» **WORK REQUEST**
Pictures aside, output each record exactly.

» **EXTRACTED MATERIAL**

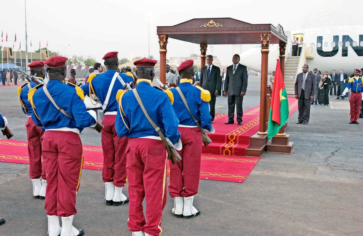 Secretary-General Kofi Annan (left, under podium) arrives in Ouagadougou, Burkina Faso, and is greeted by Paramanga Ernest Yonli (right, under podium), Prime Minister of Burkina Faso, members of the government, members of the diplomatic corps, and members of the international organisations present in Burkina Faso.
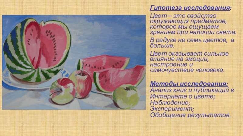 цветами отобразить красоту окружающего мира. Все предметы вокруг нас имеют свой цвет. Цвет влияет на настроение: если на улице серая мрачная погода, становится грустно, а если светит яркое солнце на синем небе, становится радостно на душе. Меня интересует: почему мы видим цвета, как они получаются, сколько цветов существует и как цвет влияет на человека. Пытаясь в этом разобраться, я выбрала тему
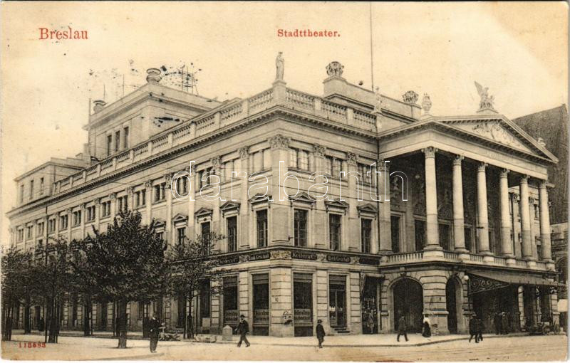 Leírás: 1907 Wroclaw, Breslau; Stadttheater, Keiler & Co. Bank Geschäft / theatre, shop (fl)
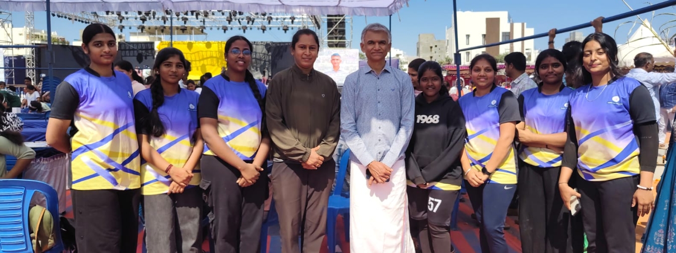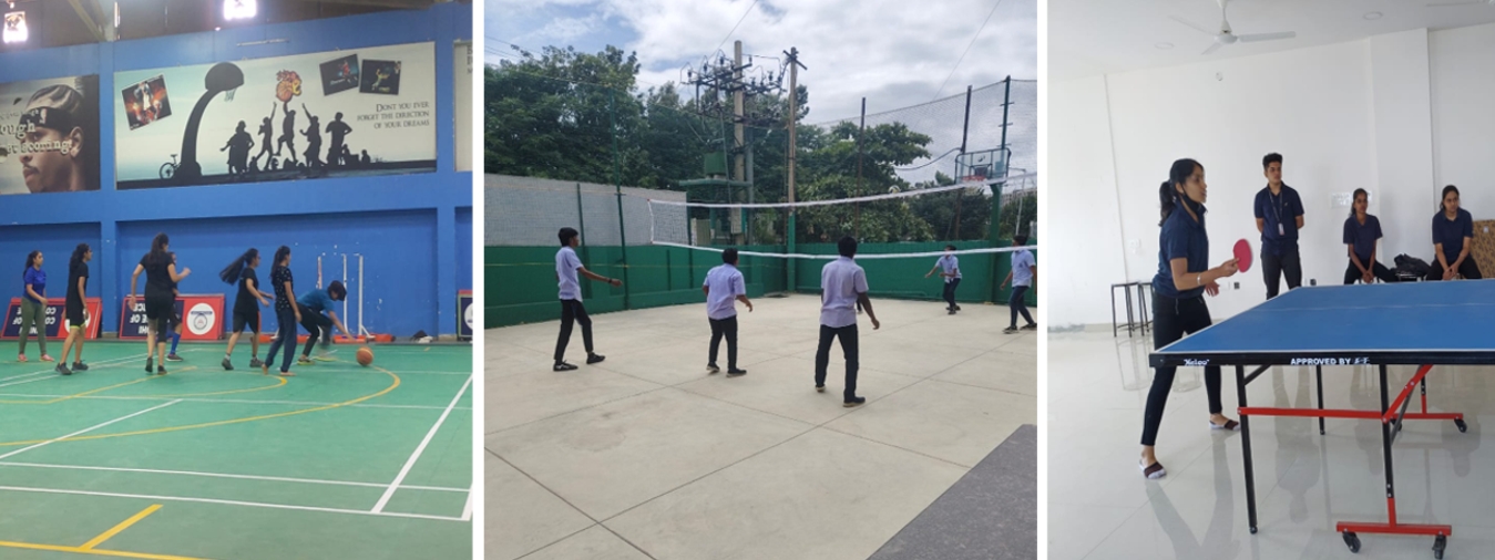 Indoor sports infrastructure for basketball, throw ball, net ball, volleyball, badminton, tennikoit, table tennis, carom. Students are trained to participate in intercollegiate, State and National level competitions.
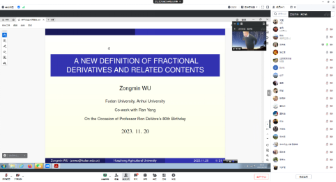 (图文|信息 编辑|信息 审核|李函)11月20日下午,复旦大学数学科学学院吴宗敏教授受邀参加麻豆 线上学术分享会,作题为《一种新的分数次导数的定义及其应用》学术报告。学院院长张红雨教授主持报告会,学院50余名师生参加线上会议。
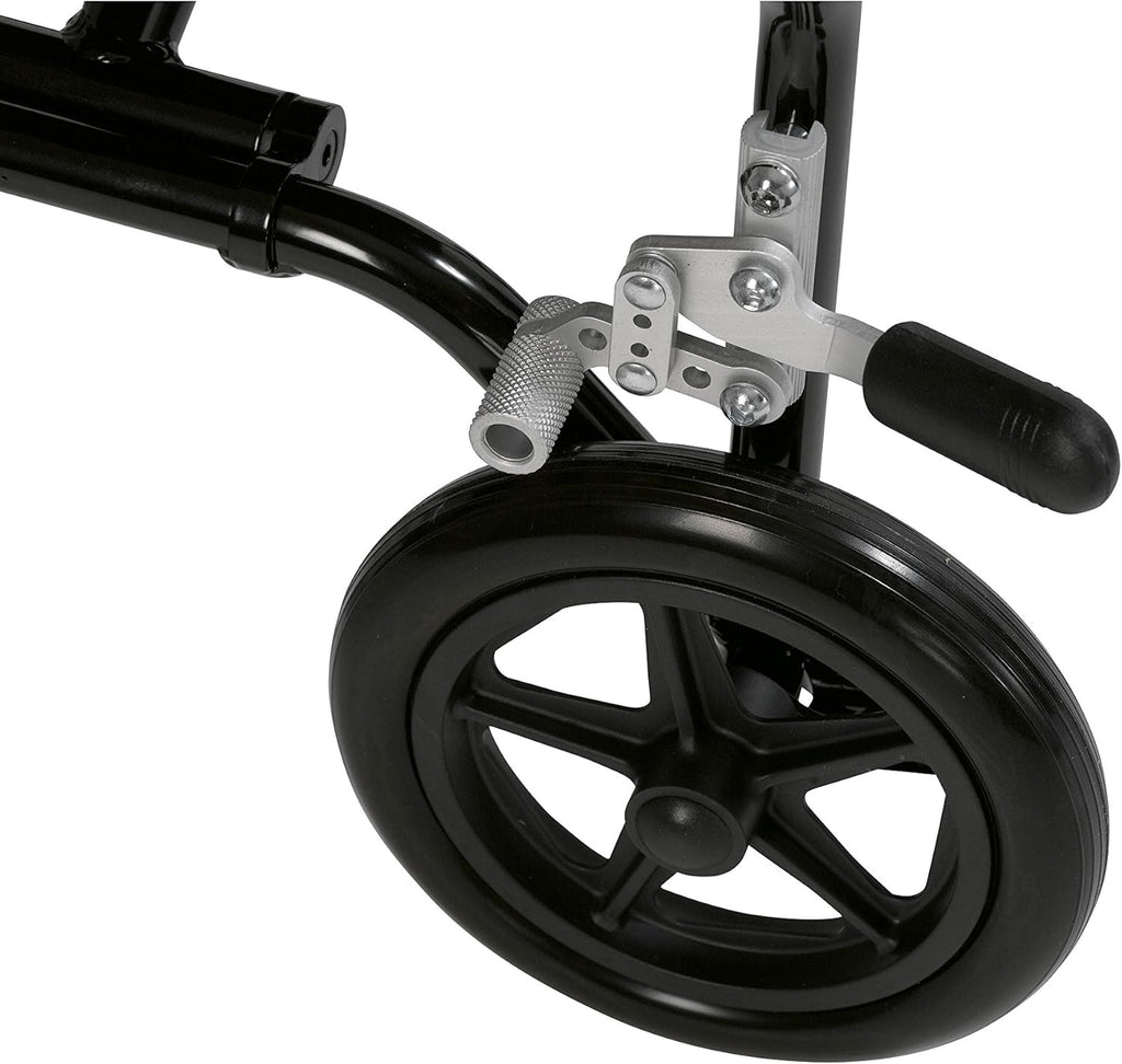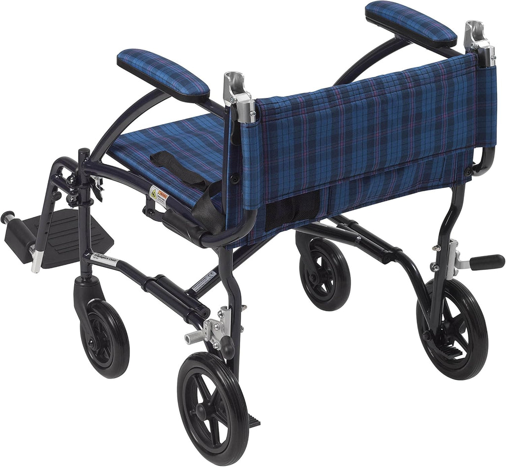 The Drive Medical 19" Fly Lite Ultra Lightweight aluminum transport chair proves that a lightweight, foldable transport wheelchair can be well made and a joy to use. Its smooth wheels maneuver across indoor and outdoor terrain, while easy-to-use brakes lock securely for safety. At just 16.2 pounds without riggings, these lightweight, folding wheelchairs for adults quickly and easily fold down to a small size to store in the trunk or back seat, making them great travel wheelchairs. Featuring a stylish blue aluminum frame and blue plaid nylon upholstery, the lightweight wheelchair is durable and easy to clean with a mild soap solution. The transport chair comes with a 19-inch seat, a carry pocket on the backrest, a seat belt for added safety, and tool-free, height-adjustable swing-away footrests. Backed by a limited lifetime warranty from Drive Medical, a leading brand of mobility aids and other medical goods for more than 20 years, you can purchase with confidence.
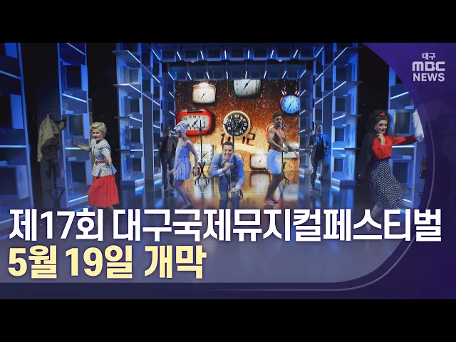 ◀앵커▶국내 유일한 뮤지컬 분야 글로벌 축제인 제17회 대구 국제 뮤지컬 페스티벌이 5월 19일 저녁 코오롱음악당 개막 축하공연을 시작으로 막을 올립니다.화제를 모으는 세계적 작품은 물론이고 공연장 안팎을 채울 부대행사도 많다고 합니다.보도에 이상원 기자입니다.◀기자▶대구오페라하우스에서 개막작 '나인 투 파이브...
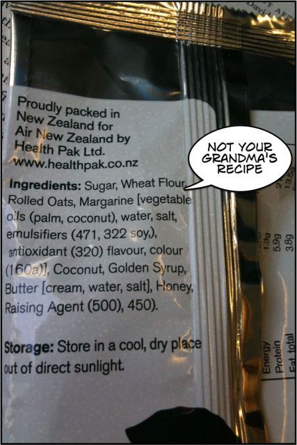 The Air NZ snacks are woeful. Even a smidgen of corporate social responsibility would ensure at least one healthy option. “Vegetable” snacks – how many veges actually died in concocting that product. Lollies – mmmm. Biscuit – I’m not sure where Grandma used to hide all those additives, flavouring, regulators and emulsifiers.
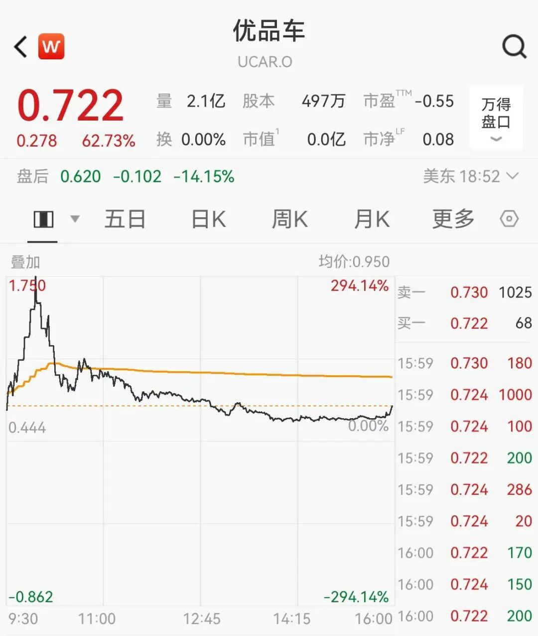 中概股优品车盘中大涨,最高涨近300%,并多次触发熔断,截至收盘涨幅报62.73%。
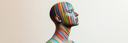 Side profile of a mannequin with multicolored stripes against a neutral background. Represents unity in diversity and inclusion.
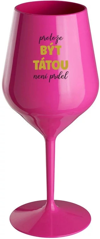 Nerozbitná růžová vinná sklenice s motivem PROTOŽE BÝT TÁTOU NENÍ PRDEL je skvělá na zahradu, pláž, výlet, piknik a parádu udělá i při kempování. Jelikož je vyrobená z kvalitního polykarbonátu je de facto nerozbitná. Je to luxusní kousek, s nímž si víno můžete vychutnat prostě kdekoliv. Mají ergonomický tvar, který příjemně padne do ruky a protože je lehká, usnadňuje to její přenášení. Je snadno skladovatelná a lehce se čistí. Díky svému designu si s ní můžete vychutnat doopravdy kdekoliv bezproblémové pití výborného vína.
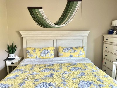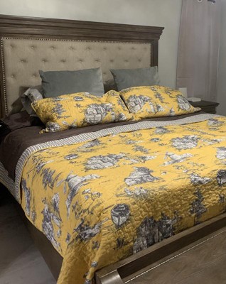 King 3pc French Country Toile Reversible Quilt Set Yellow/White - Lush Décor

» **SOLUTION FOR THIS TASK**
 Secretary-General Kofi Annan (left, under podium) arrives in Ouagadougou, Burkina Faso, and is greeted by Paramanga Ernest Yonli (right, under podium), Prime Minister of Burkina Faso, members of the government, members of the diplomatic corps, and members of the international organisations present in Burkina Faso.
 цветами отобразить красоту окружающего мира. Все предметы вокруг нас имеют свой цвет. Цвет влияет на настроение: если на улице серая мрачная погода, становится грустно, а если светит яркое солнце на синем небе, становится радостно на душе. Меня интересует: почему мы видим цвета, как они получаются, сколько цветов существует и как цвет влияет на человека. Пытаясь в этом разобраться, я выбрала тему
 Leírás: 1907 Wroclaw, Breslau; Stadttheater, Keiler & Co. Bank Geschäft / theatre, shop (fl)
 Indoor sports infrastructure for basketball, throw ball, net ball, volleyball, badminton, tennikoit, table tennis, carom. Students are trained to participate in intercollegiate, State and National level competitions.
 (图文|信息 编辑|信息 审核|李函)11月20日下午,复旦大学数学科学学院吴宗敏教授受邀参加麻豆 线上学术分享会,作题为《一种新的分数次导数的定义及其应用》学术报告。学院院长张红雨教授主持报告会,学院50余名师生参加线上会议。
 The Drive Medical 19" Fly Lite Ultra Lightweight aluminum transport chair proves that a lightweight, foldable transport wheelchair can be well made and a joy to use. Its smooth wheels maneuver across indoor and outdoor terrain, while easy-to-use brakes lock securely for safety. At just 16.2 pounds without riggings, these lightweight, folding wheelchairs for adults quickly and easily fold down to a small size to store in the trunk or back seat, making them great travel wheelchairs. Featuring a stylish blue aluminum frame and blue plaid nylon upholstery, the lightweight wheelchair is durable and easy to clean with a mild soap solution. The transport chair comes with a 19-inch seat, a carry pocket on the backrest, a seat belt for added safety, and tool-free, height-adjustable swing-away footrests. Backed by a limited lifetime warranty from Drive Medical, a leading brand of mobility aids and other medical goods for more than 20 years, you can purchase with confidence.
 ◀앵커▶국내 유일한 뮤지컬 분야 글로벌 축제인 제17회 대구 국제 뮤지컬 페스티벌이 5월 19일 저녁 코오롱음악당 개막 축하공연을 시작으로 막을 올립니다.화제를 모으는 세계적 작품은 물론이고 공연장 안팎을 채울 부대행사도 많다고 합니다.보도에 이상원 기자입니다.◀기자▶대구오페라하우스에서 개막작 '나인 투 파이브...
 The Air NZ snacks are woeful. Even a smidgen of corporate social responsibility would ensure at least one healthy option. “Vegetable” snacks – how many veges actually died in concocting that product. Lollies – mmmm. Biscuit – I’m not sure where Grandma used to hide all those additives, flavouring, regulators and emulsifiers.
 中概股优品车盘中大涨,最高涨近300%,并多次触发熔断,截至收盘涨幅报62.73%。
 Side profile of a mannequin with multicolored stripes against a neutral background. Represents unity in diversity and inclusion.
 Nerozbitná růžová vinná sklenice s motivem PROTOŽE BÝT TÁTOU NENÍ PRDEL je skvělá na zahradu, pláž, výlet, piknik a parádu udělá i při kempování. Jelikož je vyrobená z kvalitního polykarbonátu je de facto nerozbitná. Je to luxusní kousek, s nímž si víno můžete vychutnat prostě kdekoliv. Mají ergonomický tvar, který příjemně padne do ruky a protože je lehká, usnadňuje to její přenášení. Je snadno skladovatelná a lehce se čistí. Díky svému designu si s ní můžete vychutnat doopravdy kdekoliv bezproblémové pití výborného vína.
 King 3pc French Country Toile Reversible Quilt Set Yellow/White - Lush Décor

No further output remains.